| About this exercise |
Data follows below. Repeat exactly the lines between the line holding "Rear lobby provides" and the line holding "Ekonomistica Matea Šmuc", inclusive, and nothing more; drop pictures.

Start of Given data

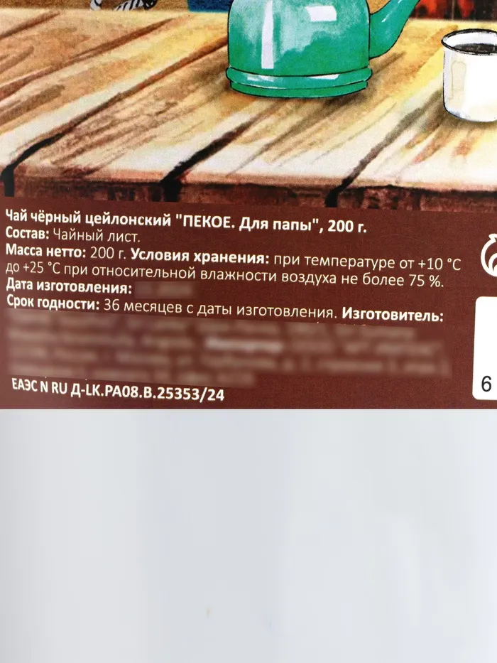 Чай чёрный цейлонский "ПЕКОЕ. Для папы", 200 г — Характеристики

End of Given data
Start of Given data

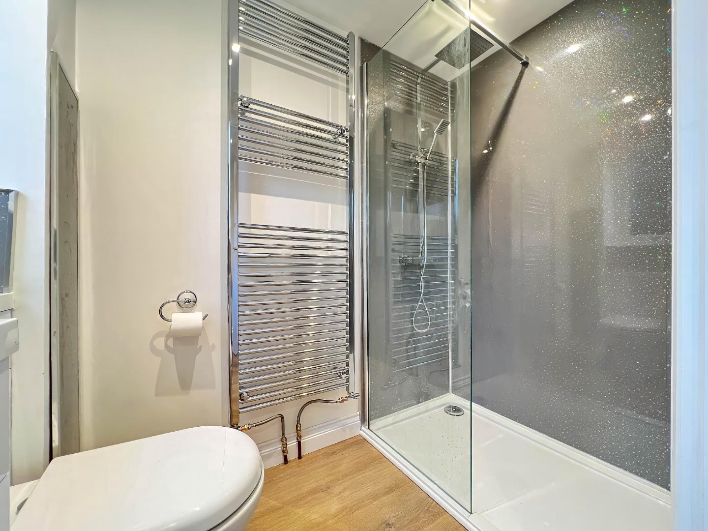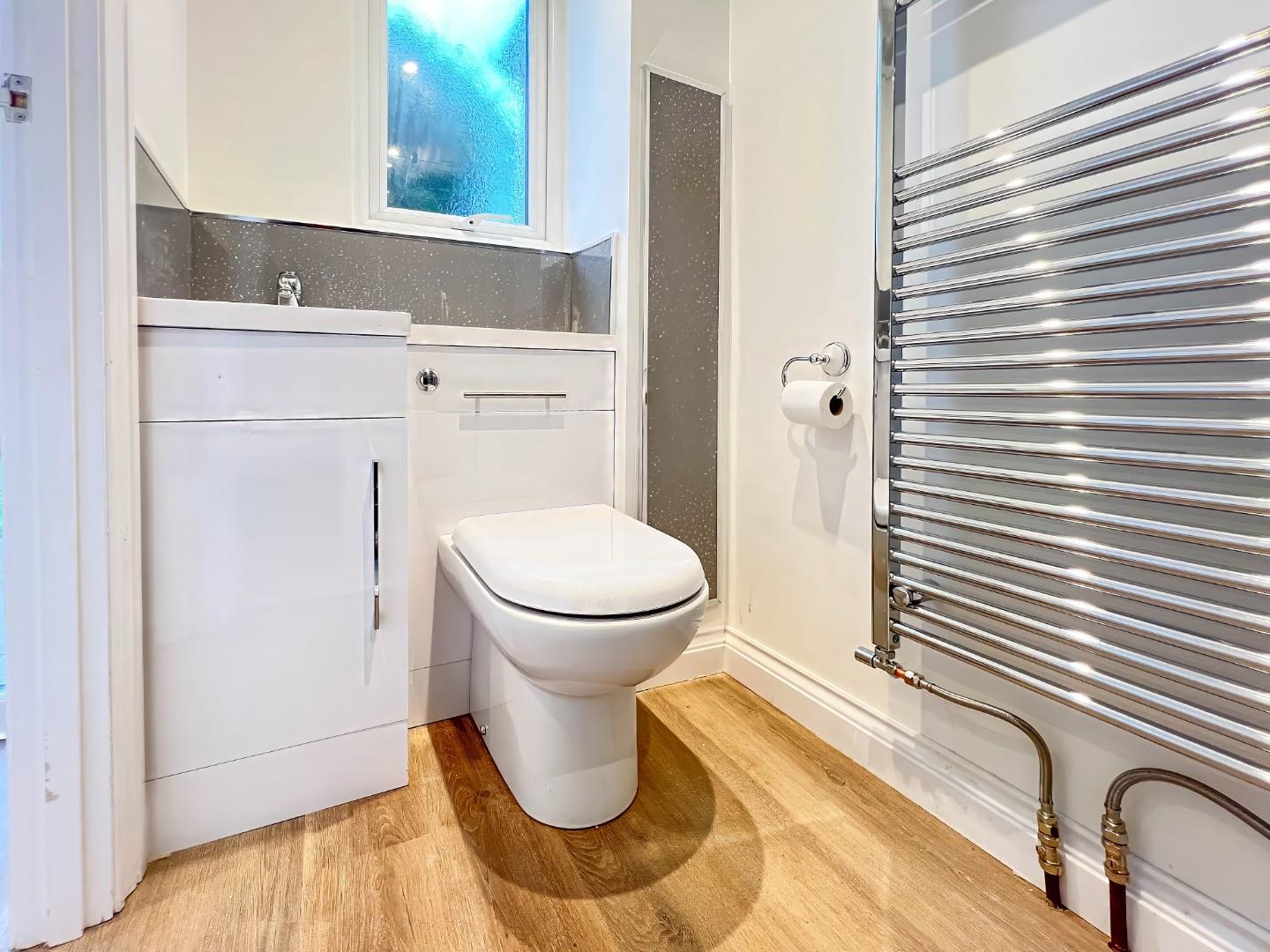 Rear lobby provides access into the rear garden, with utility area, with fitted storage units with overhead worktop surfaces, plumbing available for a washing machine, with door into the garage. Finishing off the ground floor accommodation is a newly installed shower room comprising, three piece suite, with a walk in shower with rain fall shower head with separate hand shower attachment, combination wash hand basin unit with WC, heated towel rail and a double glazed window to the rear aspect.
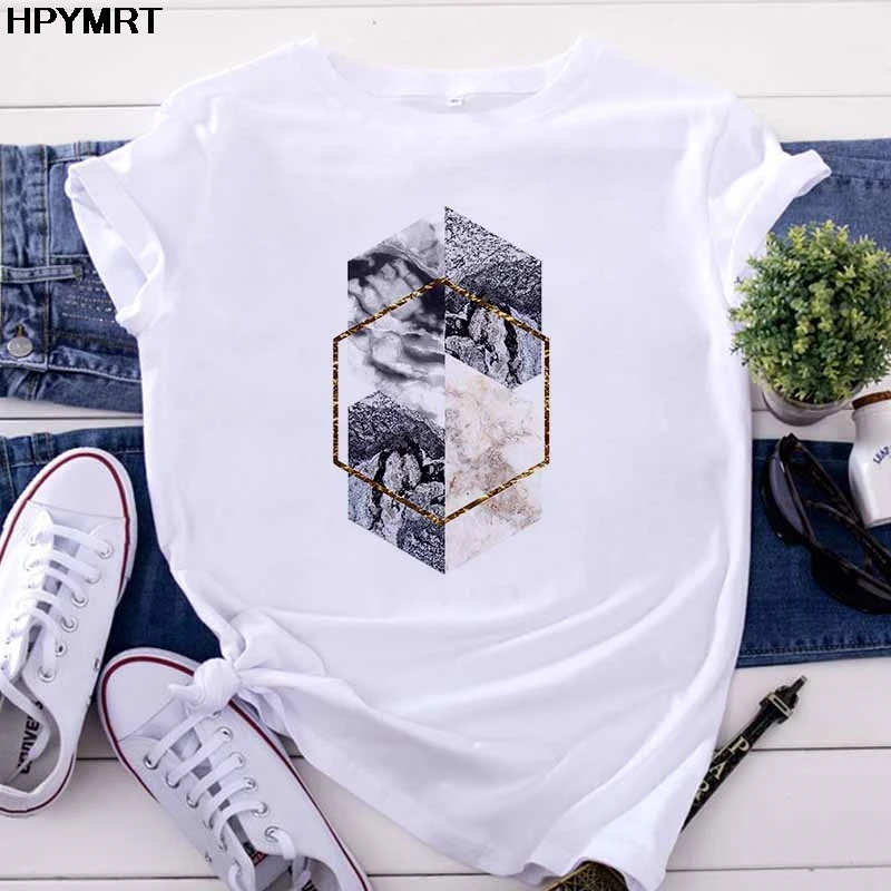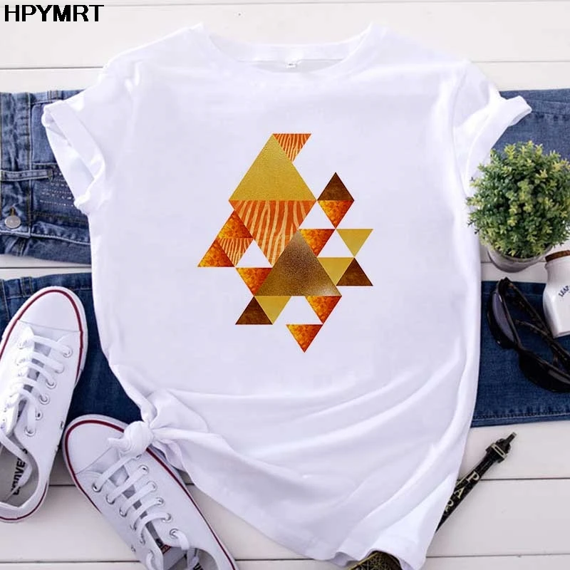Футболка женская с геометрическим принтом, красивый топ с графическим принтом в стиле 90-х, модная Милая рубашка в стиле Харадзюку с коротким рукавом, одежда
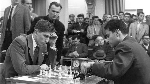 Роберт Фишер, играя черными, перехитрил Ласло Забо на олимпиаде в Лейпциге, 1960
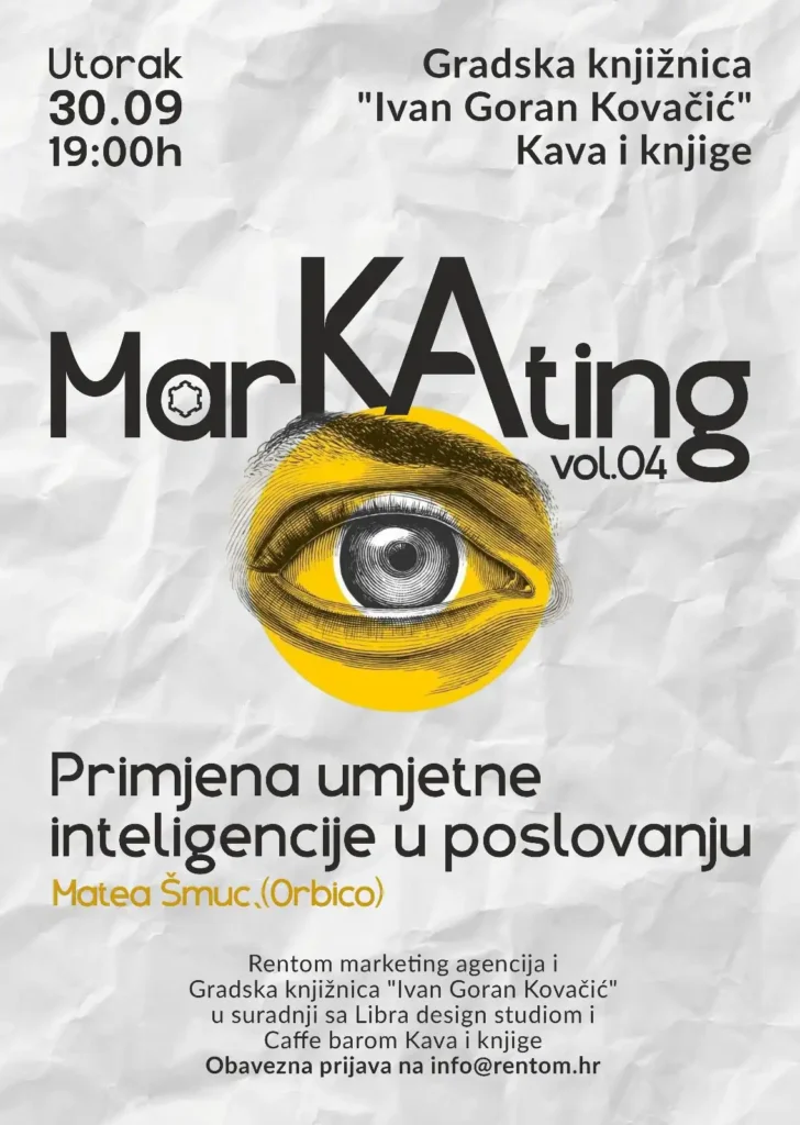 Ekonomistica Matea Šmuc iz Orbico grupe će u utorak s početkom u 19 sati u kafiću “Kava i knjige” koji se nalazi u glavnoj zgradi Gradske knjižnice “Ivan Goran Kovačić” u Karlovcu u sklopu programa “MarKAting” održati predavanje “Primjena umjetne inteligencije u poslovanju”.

End of Given data

| Task output |
 Rear lobby provides access into the rear garden, with utility area, with fitted storage units with overhead worktop surfaces, plumbing available for a washing machine, with door into the garage. Finishing off the ground floor accommodation is a newly installed shower room comprising, three piece suite, with a walk in shower with rain fall shower head with separate hand shower attachment, combination wash hand basin unit with WC, heated towel rail and a double glazed window to the rear aspect.
Футболка женская с геометрическим принтом, красивый топ с графическим принтом в стиле 90-х, модная Милая рубашка в стиле Харадзюку с коротким рукавом, одежда
 Роберт Фишер, играя черными, перехитрил Ласло Забо на олимпиаде в Лейпциге, 1960
 Ekonomistica Matea Šmuc iz Orbico grupe će u utorak s početkom u 19 sati u kafiću “Kava i knjige” koji se nalazi u glavnoj zgradi Gradske knjižnice “Ivan Goran Kovačić” u Karlovcu u sklopu programa “MarKAting” održati predavanje “Primjena umjetne inteligencije u poslovanju”.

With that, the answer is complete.